- [SUPPLIED INFORMATION]
- - -
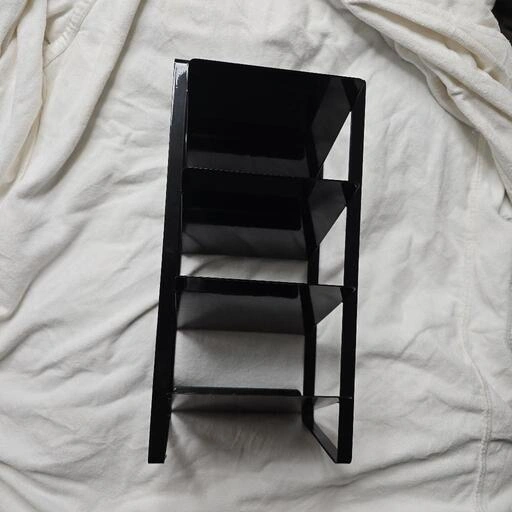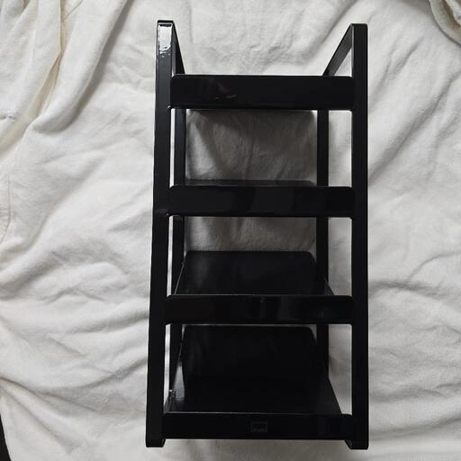 中古品です。 目立つ傷等は写真(⑤)以外特にありませんが、黒の為多少のスレ等があります。 気になる方はご遠慮ください。 キッチンのシンク下を有効活用し、ボトルを収納できるストッカーです。油や醤油、お酢などのボトルを収納できます。棚板が斜めになっているので、ボトルが出し入れしやすいです。 洗面台の下で洗濯用の液体洗剤やシャンプー、ボディソープなどのボトルの収納にもお使いいただけます。 水や汚れに強い粉体塗装を施したスチール製です。 カラー:ブラック サイズ: 本体:約 幅20×奥行20.5×高さ40cm (棚内寸) 幅17×奥行20×高さ10cm 材質:本体:スチール(粉体塗装) 仕様: 耐荷重:各棚約2kg 収納可能サイズ:長さ約30cm以下のボトル、約1Lサイズ(直径約8cm以下)のボトル約8本 ご希望の方はお気軽にご連絡ください。
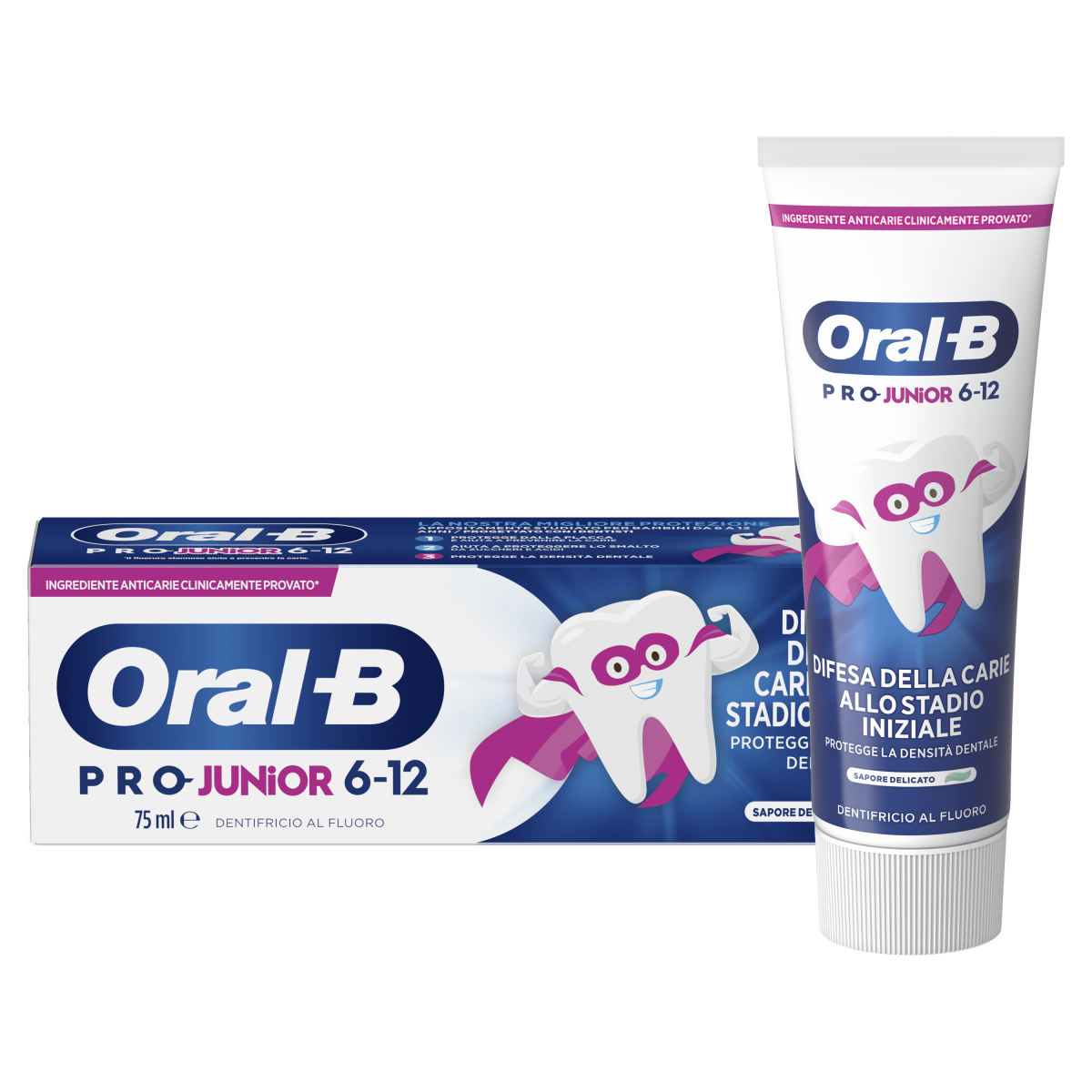 Oral-B Pro Junior è pensato per i bambini dai 6 anni in su. Disegnato in collaborazione con i dentisti, protegge i denti ogni giorno dagli acidi e dagli zuccheri contenuti nei cibi aiutando a prevenire la carie. Ha un delicato sapore di menta e un livello di fluoro adatto all’età, che aiuta a proteggere lo smalto.
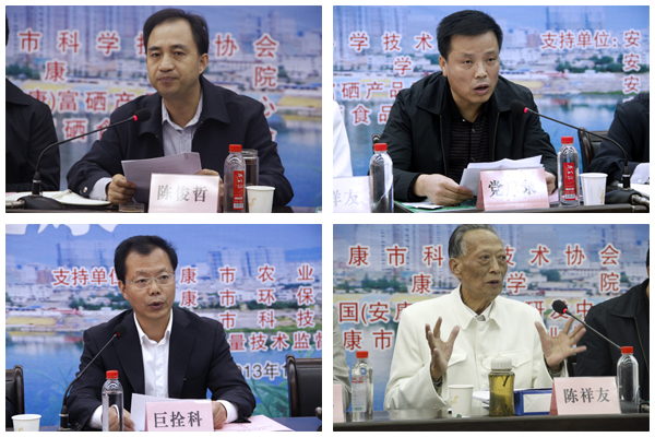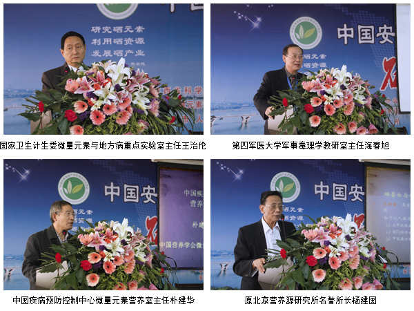 五位专家围绕“硒与人类健康”和“富硒产业发展问题”做大会交流发言,分别是:国家卫生计生委微量元素与地方病重点实验室主任王治伦,第四军医大学军事毒理学教研室主任海春旭,中国疾病预防控制中心微量元素营养室主任朴建华,原北京营养源研究所名誉所长杨建国,安康学院经济与管理系主任余谦。
- - -
- [WHAT IS NEEDED]
Leave the pictures out and restate the listing word for word.

- [RESPONSE TO THE EXERCISE]
 中古品です。 目立つ傷等は写真(⑤)以外特にありませんが、黒の為多少のスレ等があります。 気になる方はご遠慮ください。 キッチンのシンク下を有効活用し、ボトルを収納できるストッカーです。油や醤油、お酢などのボトルを収納できます。棚板が斜めになっているので、ボトルが出し入れしやすいです。 洗面台の下で洗濯用の液体洗剤やシャンプー、ボディソープなどのボトルの収納にもお使いいただけます。 水や汚れに強い粉体塗装を施したスチール製です。 カラー:ブラック サイズ: 本体:約 幅20×奥行20.5×高さ40cm (棚内寸) 幅17×奥行20×高さ10cm 材質:本体:スチール(粉体塗装) 仕様: 耐荷重:各棚約2kg 収納可能サイズ:長さ約30cm以下のボトル、約1Lサイズ(直径約8cm以下)のボトル約8本 ご希望の方はお気軽にご連絡ください。
 Oral-B Pro Junior è pensato per i bambini dai 6 anni in su. Disegnato in collaborazione con i dentisti, protegge i denti ogni giorno dagli acidi e dagli zuccheri contenuti nei cibi aiutando a prevenire la carie. Ha un delicato sapore di menta e un livello di fluoro adatto all’età, che aiuta a proteggere lo smalto.
 五位专家围绕“硒与人类健康”和“富硒产业发展问题”做大会交流发言,分别是:国家卫生计生委微量元素与地方病重点实验室主任王治伦,第四军医大学军事毒理学教研室主任海春旭,中国疾病预防控制中心微量元素营养室主任朴建华,原北京营养源研究所名誉所长杨建国,安康学院经济与管理系主任余谦。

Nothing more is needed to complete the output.